(Your instructions)
Write the data below out exactly as it stands. Do not include the pictures.

(Supplied material)
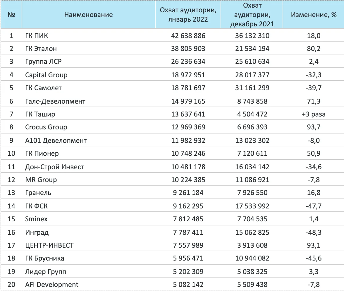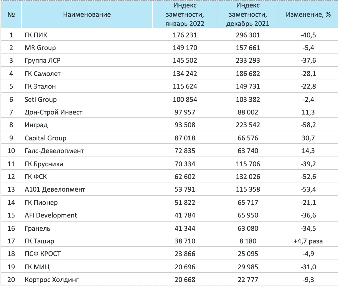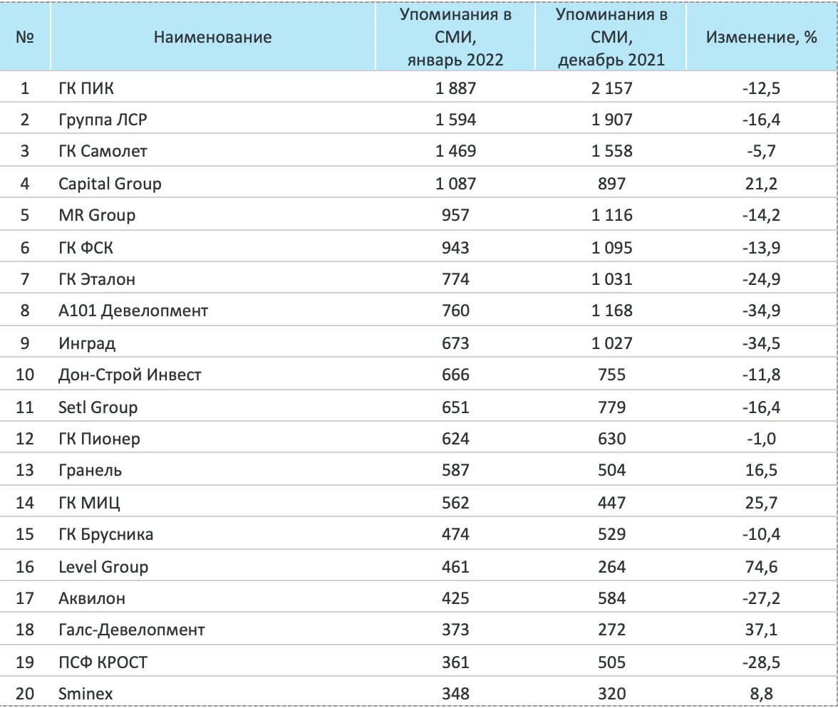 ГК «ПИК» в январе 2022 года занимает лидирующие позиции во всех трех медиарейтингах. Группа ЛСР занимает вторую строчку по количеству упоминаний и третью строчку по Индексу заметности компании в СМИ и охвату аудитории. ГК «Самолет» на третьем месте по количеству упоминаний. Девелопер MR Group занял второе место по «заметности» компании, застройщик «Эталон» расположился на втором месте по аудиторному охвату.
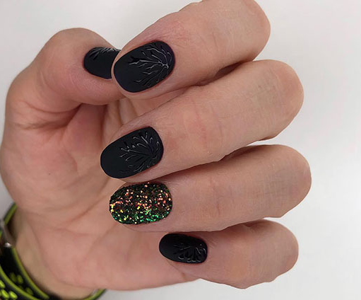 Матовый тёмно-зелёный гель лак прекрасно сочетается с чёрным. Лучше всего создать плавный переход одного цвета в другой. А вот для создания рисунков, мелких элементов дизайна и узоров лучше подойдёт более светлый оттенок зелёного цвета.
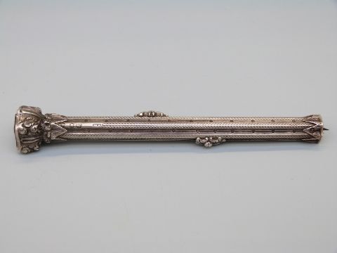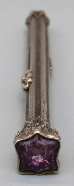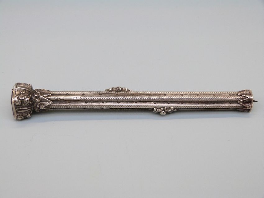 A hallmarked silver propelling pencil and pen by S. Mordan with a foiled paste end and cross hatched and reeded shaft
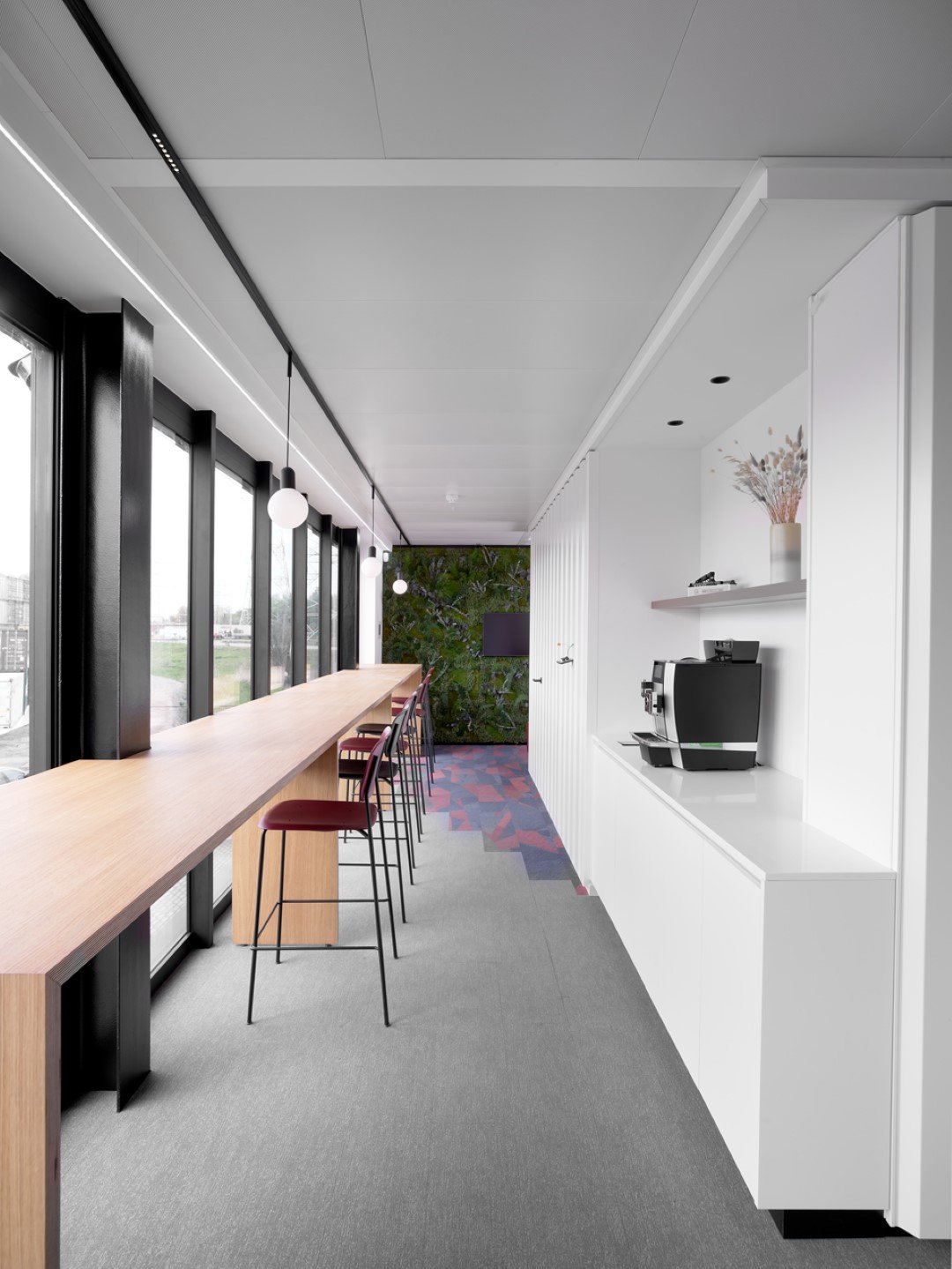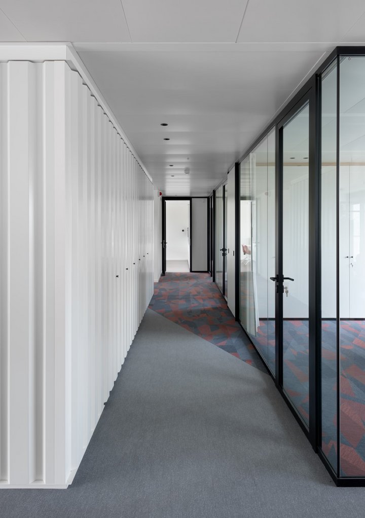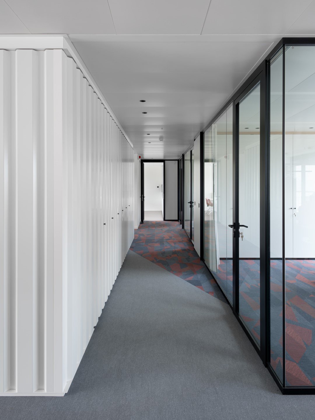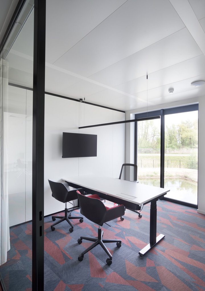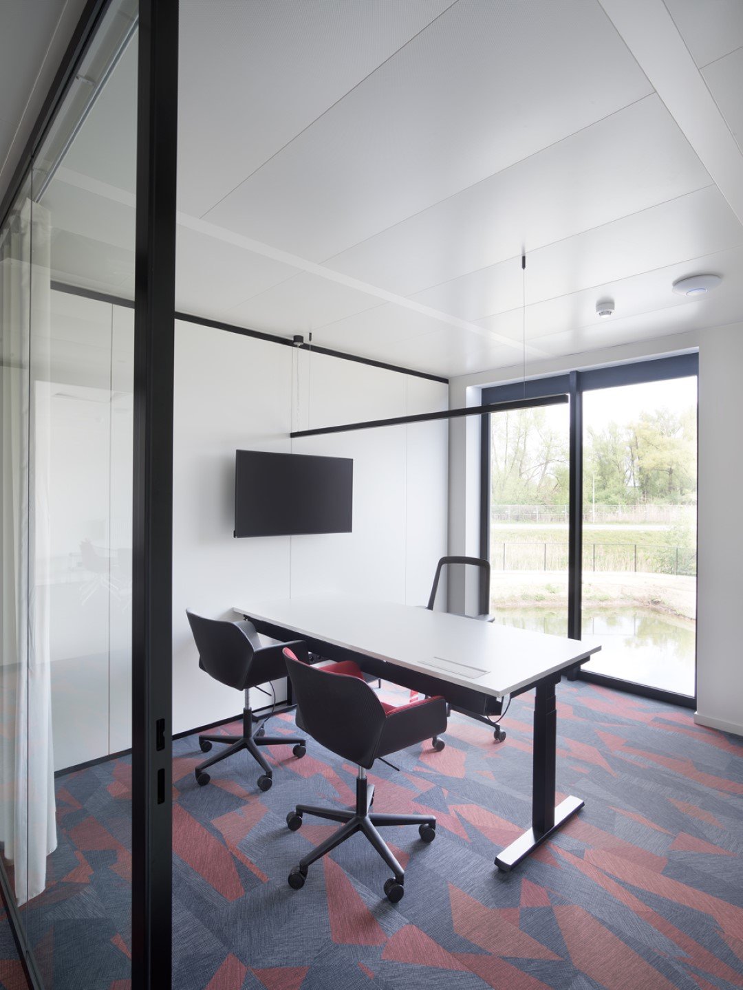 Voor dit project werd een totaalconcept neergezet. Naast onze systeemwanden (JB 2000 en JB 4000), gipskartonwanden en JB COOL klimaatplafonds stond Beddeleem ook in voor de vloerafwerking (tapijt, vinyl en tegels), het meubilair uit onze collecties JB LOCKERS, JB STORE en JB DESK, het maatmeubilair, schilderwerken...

(Response to this task)
 ГК «ПИК» в январе 2022 года занимает лидирующие позиции во всех трех медиарейтингах. Группа ЛСР занимает вторую строчку по количеству упоминаний и третью строчку по Индексу заметности компании в СМИ и охвату аудитории. ГК «Самолет» на третьем месте по количеству упоминаний. Девелопер MR Group занял второе место по «заметности» компании, застройщик «Эталон» расположился на втором месте по аудиторному охвату.
 Матовый тёмно-зелёный гель лак прекрасно сочетается с чёрным. Лучше всего создать плавный переход одного цвета в другой. А вот для создания рисунков, мелких элементов дизайна и узоров лучше подойдёт более светлый оттенок зелёного цвета.
 A hallmarked silver propelling pencil and pen by S. Mordan with a foiled paste end and cross hatched and reeded shaft
 Voor dit project werd een totaalconcept neergezet. Naast onze systeemwanden (JB 2000 en JB 4000), gipskartonwanden en JB COOL klimaatplafonds stond Beddeleem ook in voor de vloerafwerking (tapijt, vinyl en tegels), het meubilair uit onze collecties JB LOCKERS, JB STORE en JB DESK, het maatmeubilair, schilderwerken...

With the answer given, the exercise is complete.